Your assignment -
Once the pictures are removed, reproduce what is left of the data below exactly.

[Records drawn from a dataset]
- Opening Delimiter -

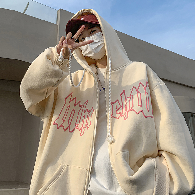 가디건 스웨터 남자의 가을과 겨울 한국 유행 모든 매치 캐주얼 탑 의류 홍콩 스타일 하이 스트리트 루즈한 후드 재킷스토어 가기
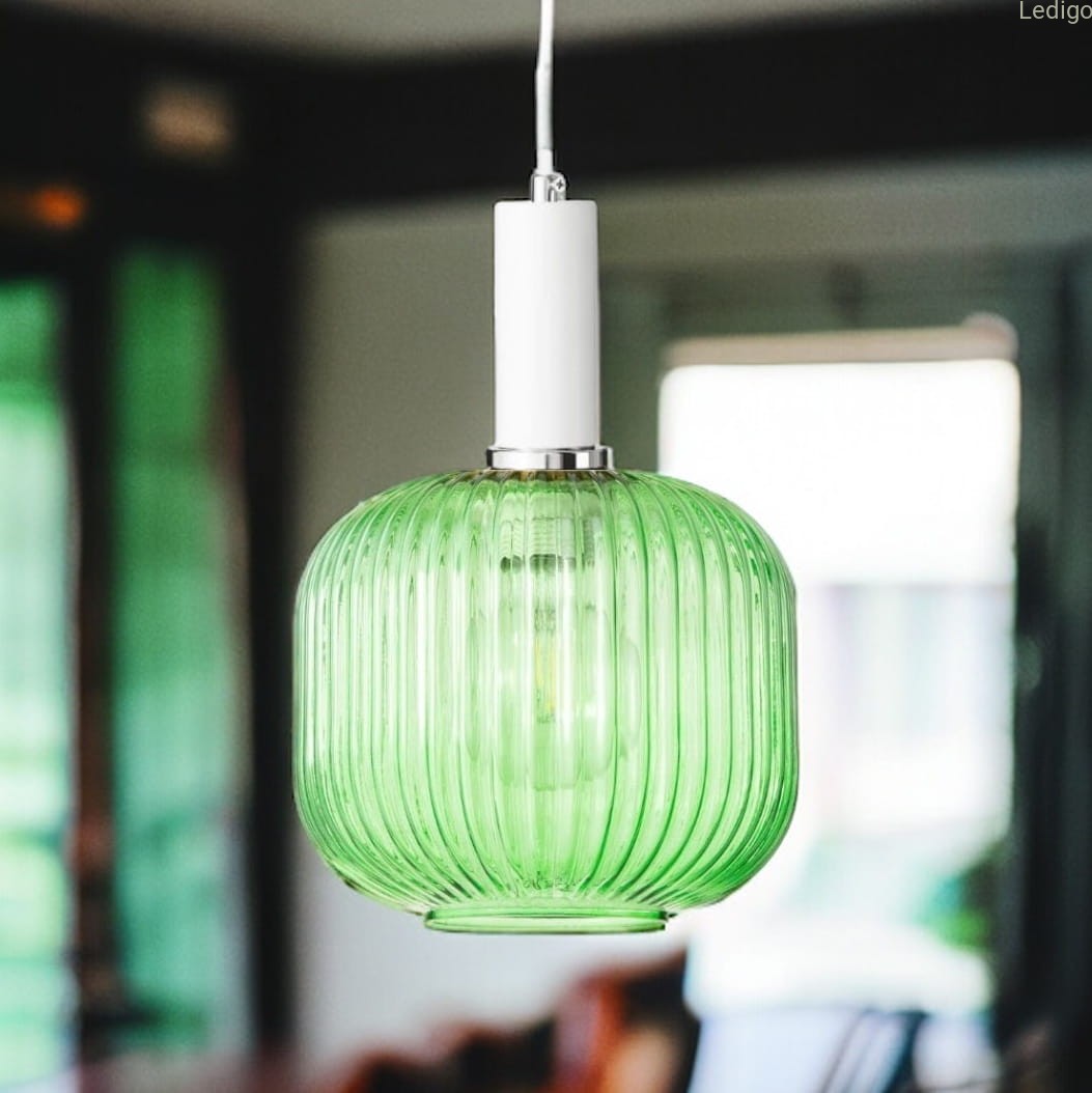 Lampa wisząca szklana MODERNA zielona biała zawieś
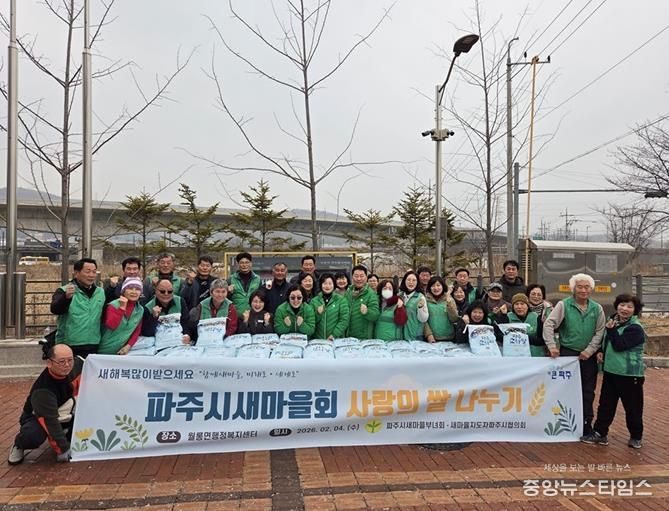 (중앙뉴스타임스 = 방재영 기자) 파주시새마을회는 다가오는 설 명절을 앞두고 지난 4일 월롱면 행정복지센터에서 ‘사랑의 쌀 나누기’행사를 개최하며 지역 내 이웃들에게 온정을 전했다.
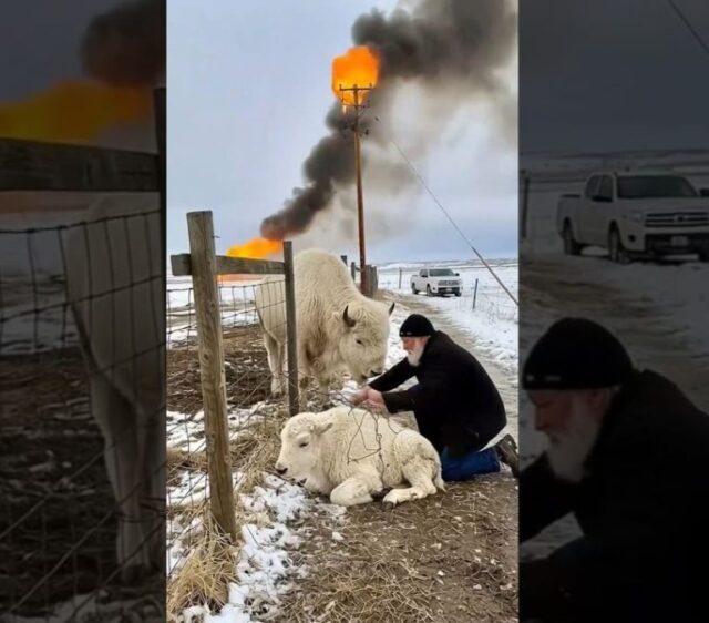 From the truck bed he pulled a ladder—heavy, scuffed, good steel with wide rungs. He slid it forward on the snow until the front rails hooked the lip. The trapped adult lifted its head and held still, nostrils flaring, as if measuring the angle. The calf pressed against the adult’s side, all knees and panic. The rescuer took a careful breath and climbed down backward, one boot at a time, feeling the raw dirt crumble under his heels. The pit smelled like thawed earth and fear.
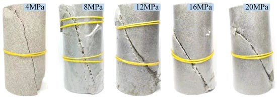 The average peak strength of specimens under different confining pressures are 30.56 MPa for σ3 = 4 MPa, 57.04 MPa for σ3 = 8 MPa, 62.13 MPa for σ3 = 12 MPa, 63.25 MPa for σ3 = 16 MPa, and 64.68 MPa for σ3 = 20 MPa. In addition, Figure 8 shows the typical failure morphology of specimens under various confining pressures. It can be seen from Figure 8 that a main crack runs through the upper and lower ends of the specimen, which is the main seepage channel. With the increase of the confining pressure, the main crack in the upper surface gradually shifts to the bottom, which may have a certain effect on the permeability test results. Shear failure is always the main failure mode no matter whatever the value of the confining pressure. The above analysis is similar to the results of previous infiltration tests.
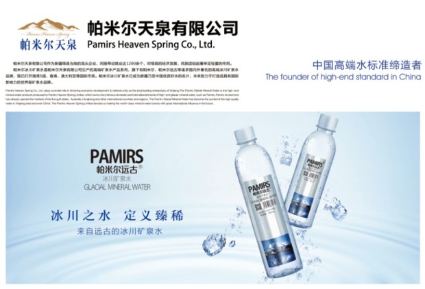 ? ? 作为新疆当地的龙头企业,帕米尔天泉自2003年成立伊始就致力于将当地的资源打造成世界级高端品牌,十几年的历程,现已成为新疆的名片,对当地的经济发展、民族团结起着举足轻重的作用,此次凭借优质资源产品——帕米尔远古冰川矿泉水,代表新疆参与外交部“蓝厅论坛”,更是将新疆的文化、产品呈现在了世人的面前。
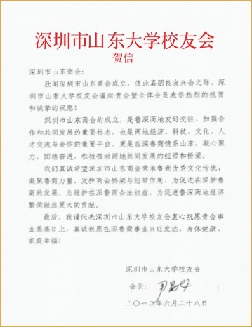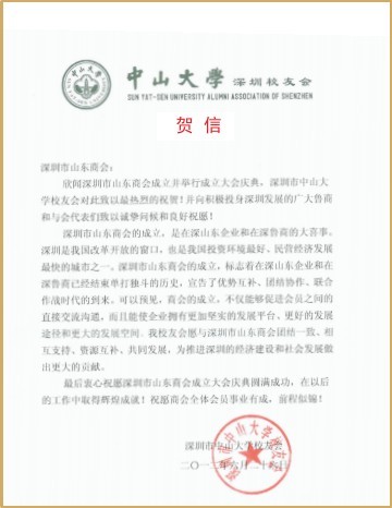 深圳市山東大學(xué)校友會賀信 中山大學(xué)深圳校友會賀信
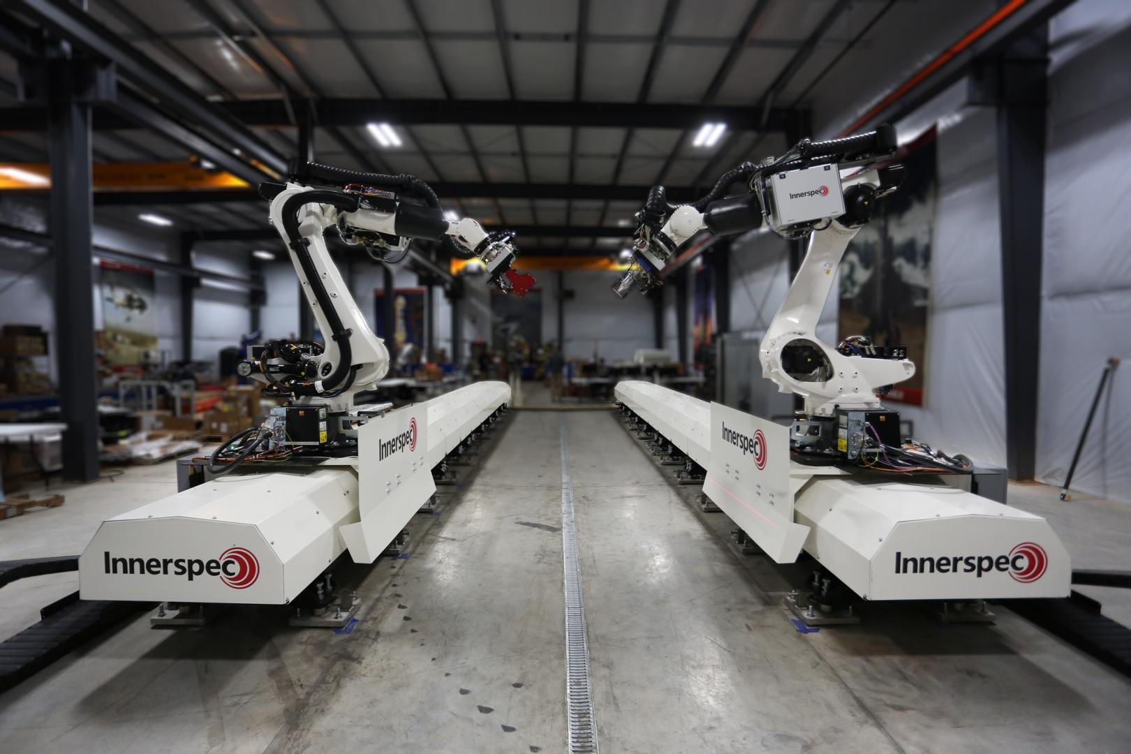Automatizované robotické systémy určené na kontrolu kompozitových dielov a kovových komponentov.

- Closing Delimiter -

Solution -
 가디건 스웨터 남자의 가을과 겨울 한국 유행 모든 매치 캐주얼 탑 의류 홍콩 스타일 하이 스트리트 루즈한 후드 재킷스토어 가기
 Lampa wisząca szklana MODERNA zielona biała zawieś
 (중앙뉴스타임스 = 방재영 기자) 파주시새마을회는 다가오는 설 명절을 앞두고 지난 4일 월롱면 행정복지센터에서 ‘사랑의 쌀 나누기’행사를 개최하며 지역 내 이웃들에게 온정을 전했다.
 From the truck bed he pulled a ladder—heavy, scuffed, good steel with wide rungs. He slid it forward on the snow until the front rails hooked the lip. The trapped adult lifted its head and held still, nostrils flaring, as if measuring the angle. The calf pressed against the adult’s side, all knees and panic. The rescuer took a careful breath and climbed down backward, one boot at a time, feeling the raw dirt crumble under his heels. The pit smelled like thawed earth and fear.
 The average peak strength of specimens under different confining pressures are 30.56 MPa for σ3 = 4 MPa, 57.04 MPa for σ3 = 8 MPa, 62.13 MPa for σ3 = 12 MPa, 63.25 MPa for σ3 = 16 MPa, and 64.68 MPa for σ3 = 20 MPa. In addition, Figure 8 shows the typical failure morphology of specimens under various confining pressures. It can be seen from Figure 8 that a main crack runs through the upper and lower ends of the specimen, which is the main seepage channel. With the increase of the confining pressure, the main crack in the upper surface gradually shifts to the bottom, which may have a certain effect on the permeability test results. Shear failure is always the main failure mode no matter whatever the value of the confining pressure. The above analysis is similar to the results of previous infiltration tests.
 ? ? 作为新疆当地的龙头企业,帕米尔天泉自2003年成立伊始就致力于将当地的资源打造成世界级高端品牌,十几年的历程,现已成为新疆的名片,对当地的经济发展、民族团结起着举足轻重的作用,此次凭借优质资源产品——帕米尔远古冰川矿泉水,代表新疆参与外交部“蓝厅论坛”,更是将新疆的文化、产品呈现在了世人的面前。
 深圳市山東大學(xué)校友會賀信 中山大學(xué)深圳校友會賀信
Automatizované robotické systémy určené na kontrolu kompozitových dielov a kovových komponentov.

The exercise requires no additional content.